Краски. С детства помню ящики тюбиков с красками. Помню продолговатый рабочий ящик отца. Он раскрывался на две половины. В нем лежала сложенная, устроенная на шипах палитра, краски на ней при складывании не соприкасались. В ящике было отделение для кистей, и в завинчивающихся жестяных бочонках — разбавитель из скипидара и копалового лака. Вот что Петр Петрович сам пишет о своей палитре:
«Краски я располагаю на палитре в следующем порядке: направо белил у меня лежат кадмии — от лимонного до оранжевого и красного, потом охры красные, вермильон и краплаки, далее коричневые — сие-марсы, умбры и черная. Налево от белил кладу синие — кобальты, ультрамарины и зеленые кобальты, изумрудная в волсконкоит. Таким образом, белила делят холодные цвета на левую сторону, а теплые — на правую; черная краска лежит против белил. К такому расположению красок на холсте я настолько привык, что могу брать их кистью, едва взглядывая на палитру, все мое внимание сосредоточено на натуре и на холсте».

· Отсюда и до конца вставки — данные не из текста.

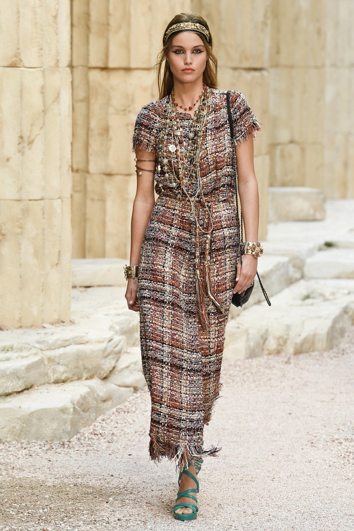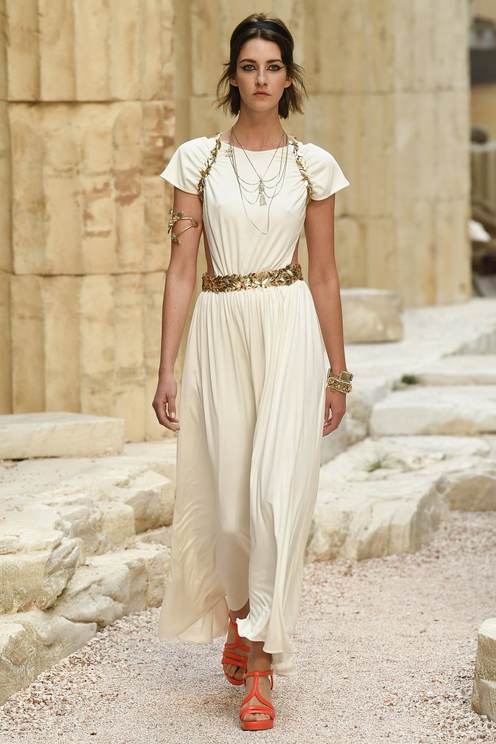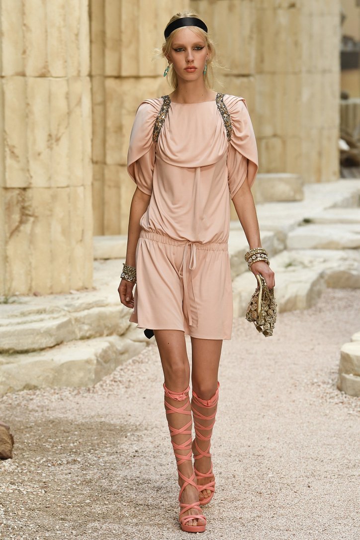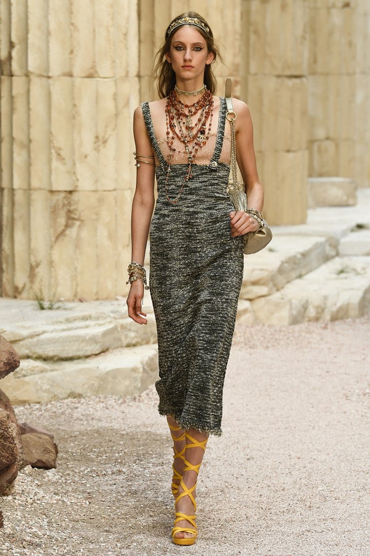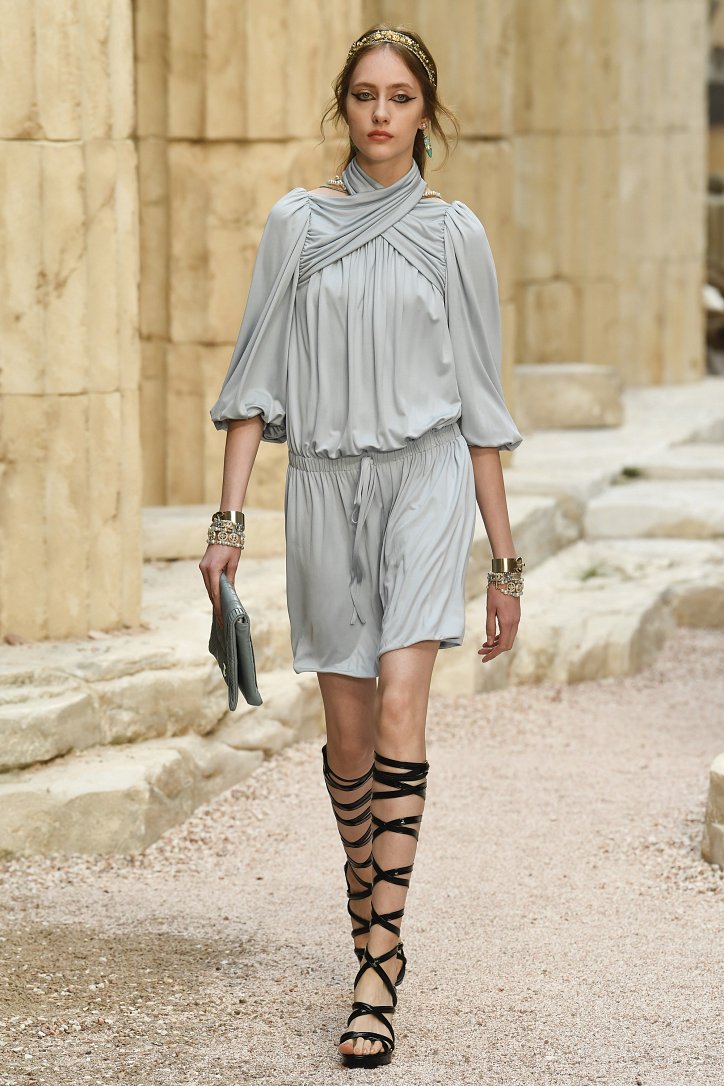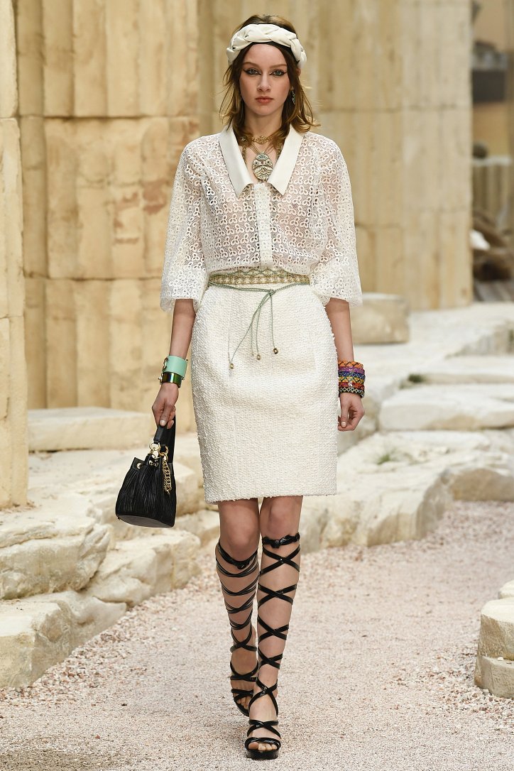 На фоне полуразрушенных колонн и статуй горделиво и чинно выступали модели, демонстрирующие греческий идеал красоты в современной интерпретации Карла Лагерфльда. Круизная коллекция Chanel порадовала поклонниц дома моды светлыми хитонами и твидовыми костюмами (куда же без них!), летящими платьями из шифона в стиле ампир и украшенными драгоценными камнями повязками. Центральным же элементом коллекции стали греческие сандалии всех цветов.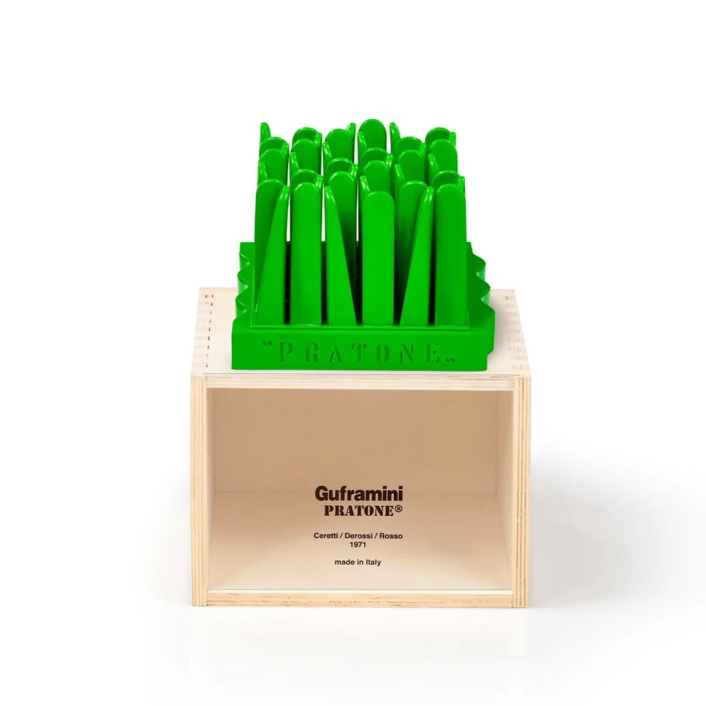 Le icone Gufram sono diventate più piccole e si sono trasformate in Guframini! Progettate in scala 1:8, le nuove miniature riproducono perfettamente le famose sculture originali. Ogni “mini” creazione è realizzata in poliuretano espanso che viene iniettato nello stampo precedentemente dipinto in modo da ottenere, attraverso un metodo all’avanguardia, un pezzo unico identico all’originale: stessa morbidezza, stessi colori e stessi dettagli. Ogni Guframinis viene poi rifinito a mano, ogni pezzo è unico nel suo genere.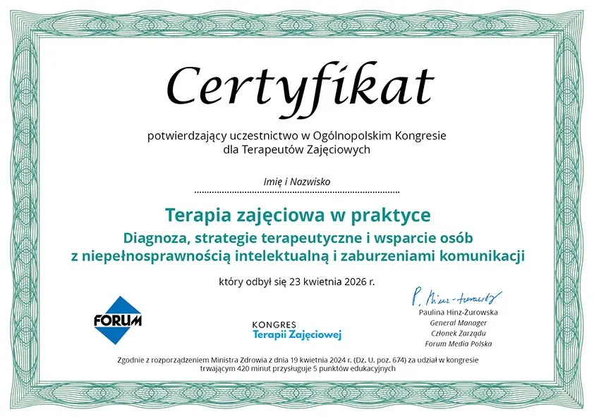 Za udział w Kongresie dla Terapeutów Zajęciowych otrzymasz nawet 25 punktów edukacyjnych!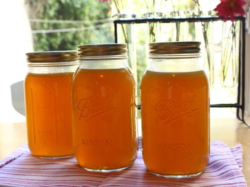 While I can often be seen using my carton of all-natural chicken broth, there's nothing like homemade. It does take a long time to simmer, but the actual work is minimal, and the procedure quite simple. It's also a very frugal undertaking, with the bones I used costing 80-cents a pound. That's three quarts of chicken stock for about $3 in costs!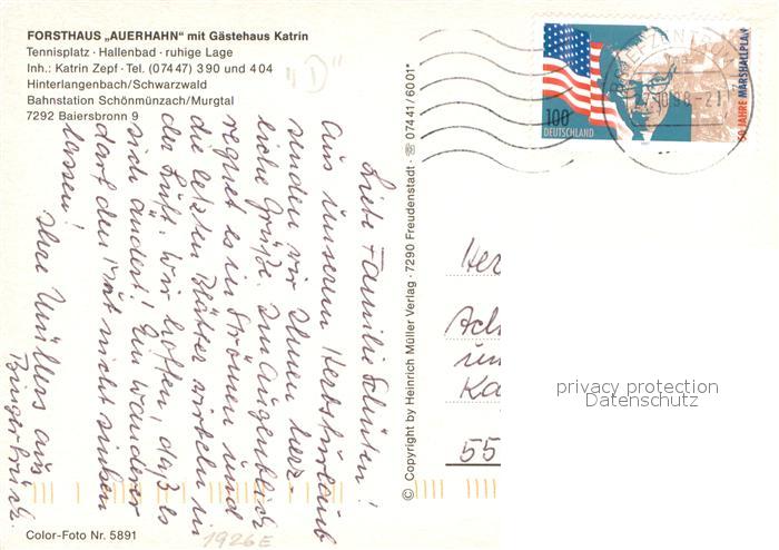 73664524 alte Postkarte Hinterlangenbach Baiersbronn Forsthaus Auerhahn mit Gaestehaus Katrin postalisch gelaufen Erhaltung siehe scans [WerneD78] KatCode: 11110008237004

Кисти мылись после каждого рабочего дня. Мне самой приходилось мыть их, помогая отцу. Берешь их, сколько помещается в горсти правой руки, окунаешь в горячую воду и намыливаешь куском хозяйственного мыла. Возишь, бывало, по куску разноцветными узорами, потом трешь о ладонь левой руки, потом пальцами промываешь, и вот уже кисти вымыты — белые и темные волоски блестят, стараешься отмыть и деревянные ручки кистей, потом кладешь их на отопление или поближе к печке, если — в деревне.

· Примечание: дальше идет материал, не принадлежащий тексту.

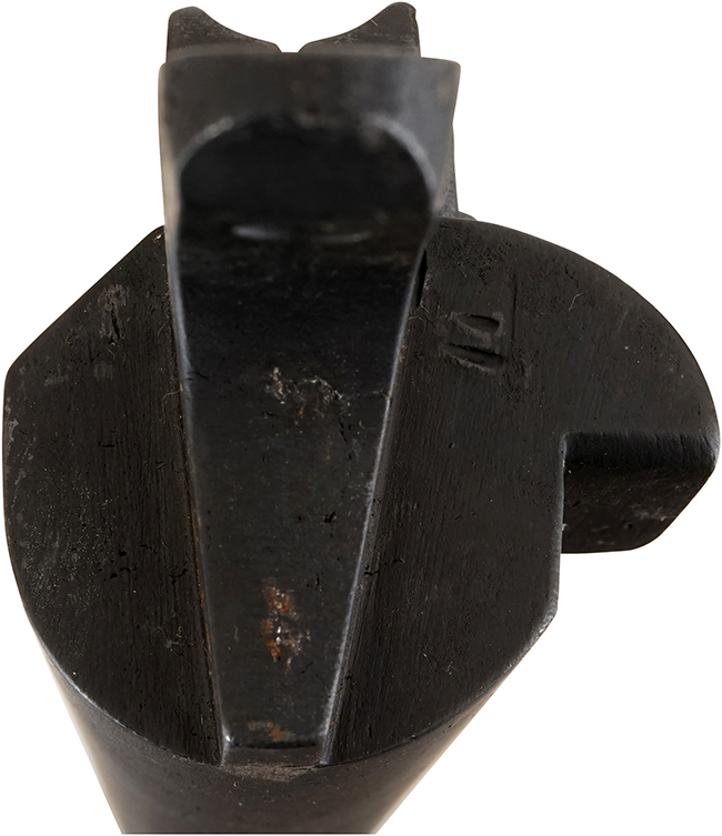 本品の銃身後端には、漢数字の「二」に見える刻印が打刻されていますが、それ以外に、オランダ製または日本製と判断できる刻印は一切確認出来ません。 本品の形状はオランダ製ゲベール銃を忠実に模作していますが、ロック・プレート内側のシアなど、撃発装置の作りを見ると、和製らしい印象を受けます。 これほど完全にコピーされた和製ゲベール銃は珍しい例といえます。
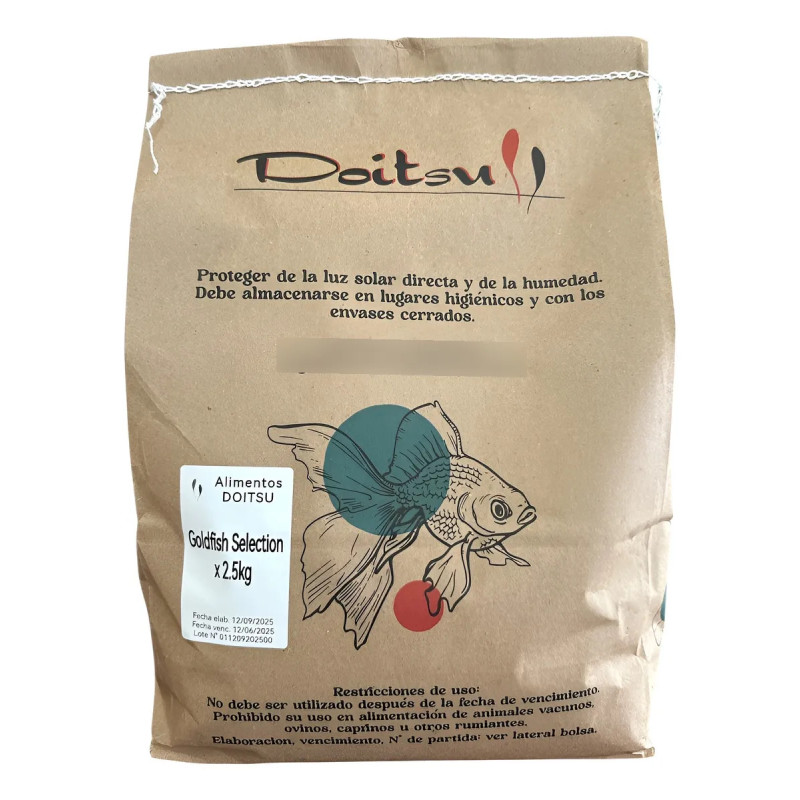 Doitsu Goldfish Selection Alimento granulado de flote, de uso diario * Por su completa y enriquecida composición es un alimento premium para variedades exigentes. * Resalta de manera natural el color y mejora la defensas en los peces logrando una óptima salud y vitalidad. * Rico en vitaminas C y E, con alta digestibilidad, ideal para carassius selectos. * Es utilizado para alimentar a juveniles de koi de hasta 10cm de tamaño total. Análisis nutricional * Proteína 35% * Fibra 4% * Minerales totales 9% * Energía digestible 2950 Kcal/kg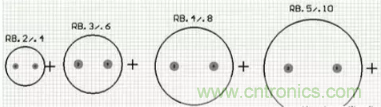 電解電容對(duì)應(yīng)的元器件封裝為RB系列,如“RB.1/.2”到“RB.5/1.0”,其中“.1/.2”分別指電容的焊盤間距和外形尺寸。
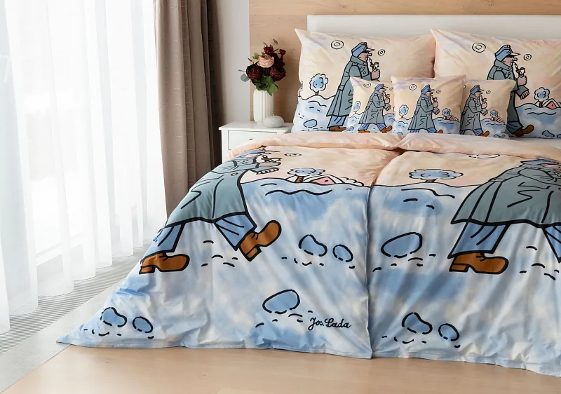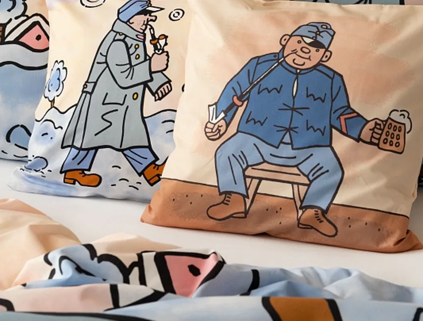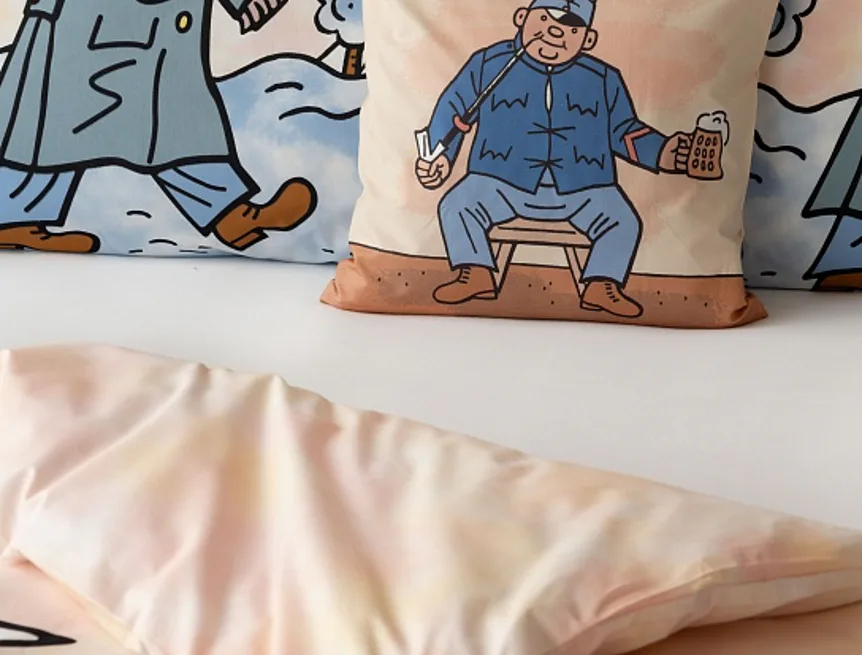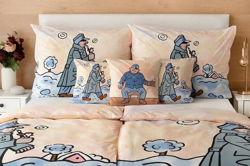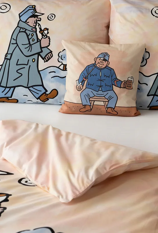 Bavlněné povlečení Švejk s fajfkou potěší všechny milovníky české tradice. Klasické dílo české literatury, které je nerozlučně spjato s ilustracemi Josefa Lady, ožívá na hebké bavlně. Připomeňte si osudy dobrého vojáka Švejka prostřednictvím luxusního povlečení a nechte se ukolébat ke krásným snům.

Краски отец покупал французские, Лэфрана, которые привозили к нам до войны 1914 года. Но вообще он тер краски сам. После революции в 1924 году мы были в Италии на выставке в Венеции, где экспонировались советские художники. Оттуда мы приехали во Францию и зиму жили в Париже. Из Парижа Петр Петрович привез сухие краски. И вот тут уже мы с братом помогали отцу растирать краски на машине. Это были три больших гранитных вала, которые приводились в движение огромным колесом. Над валами укреплялся деревянный короб, сбоку была стальная подставка, на которую стекала краска. Петр Петрович подхватывал эту пасту лопаткой и сбрасывал на мраморную доску, что лежала рядом. Паста затиралась с льняным маслом, бутыли которого стояли предварительно на солнце на подоконнике. Оно должно было отбелиться.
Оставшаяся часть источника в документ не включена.